- [Data shown]:
= = = = = = =
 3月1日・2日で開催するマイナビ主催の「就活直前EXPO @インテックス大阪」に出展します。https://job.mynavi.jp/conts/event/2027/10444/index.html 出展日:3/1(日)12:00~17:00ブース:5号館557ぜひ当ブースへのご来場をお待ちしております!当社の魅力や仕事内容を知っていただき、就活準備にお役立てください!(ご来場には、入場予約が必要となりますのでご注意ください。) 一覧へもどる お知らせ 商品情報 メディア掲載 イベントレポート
= = = = = = =
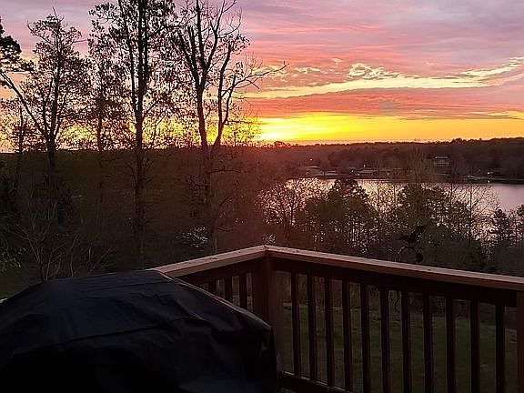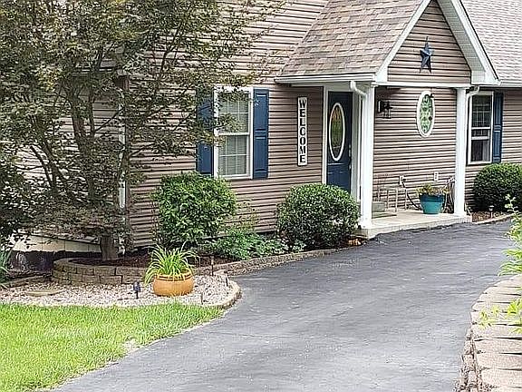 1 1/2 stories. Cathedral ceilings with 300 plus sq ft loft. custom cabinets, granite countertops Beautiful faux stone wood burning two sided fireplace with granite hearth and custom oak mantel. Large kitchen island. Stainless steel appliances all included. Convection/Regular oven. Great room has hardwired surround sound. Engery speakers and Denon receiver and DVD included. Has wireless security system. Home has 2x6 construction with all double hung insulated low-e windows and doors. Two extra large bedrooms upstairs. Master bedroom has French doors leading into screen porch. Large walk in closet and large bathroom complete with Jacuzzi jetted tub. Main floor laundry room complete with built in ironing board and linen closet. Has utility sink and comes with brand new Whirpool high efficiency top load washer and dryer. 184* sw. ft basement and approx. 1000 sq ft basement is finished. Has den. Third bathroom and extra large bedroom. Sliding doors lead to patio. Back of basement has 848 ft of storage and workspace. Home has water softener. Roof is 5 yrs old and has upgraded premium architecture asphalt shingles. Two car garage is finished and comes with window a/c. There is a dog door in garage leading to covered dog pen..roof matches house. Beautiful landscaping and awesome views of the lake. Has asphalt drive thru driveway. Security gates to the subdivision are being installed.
= = = = = = =
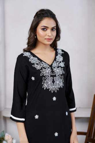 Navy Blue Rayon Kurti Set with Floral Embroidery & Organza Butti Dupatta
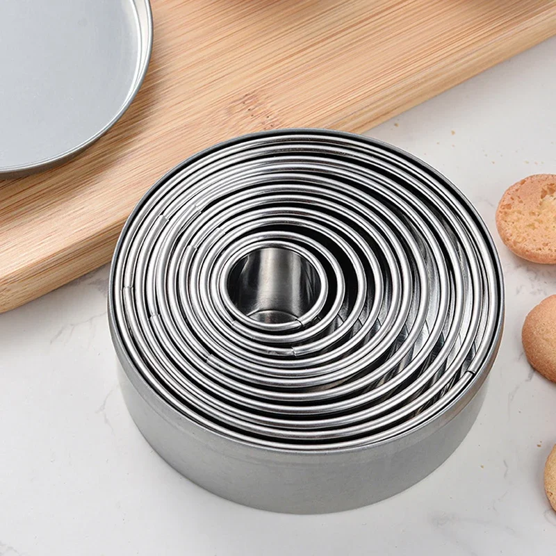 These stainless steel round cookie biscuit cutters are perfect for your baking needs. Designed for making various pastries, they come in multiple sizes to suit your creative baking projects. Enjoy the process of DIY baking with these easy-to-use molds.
= = = = = = =
- [Exercise]:
From the records above, quote word for word only the lines beginning at the line that has "Navy Blue Rayon" and stopping after the line that has "These stainless steel". Omit the pictures.

- [Response to the exercise]:
 Navy Blue Rayon Kurti Set with Floral Embroidery & Organza Butti Dupatta
 These stainless steel round cookie biscuit cutters are perfect for your baking needs. Designed for making various pastries, they come in multiple sizes to suit your creative baking projects. Enjoy the process of DIY baking with these easy-to-use molds.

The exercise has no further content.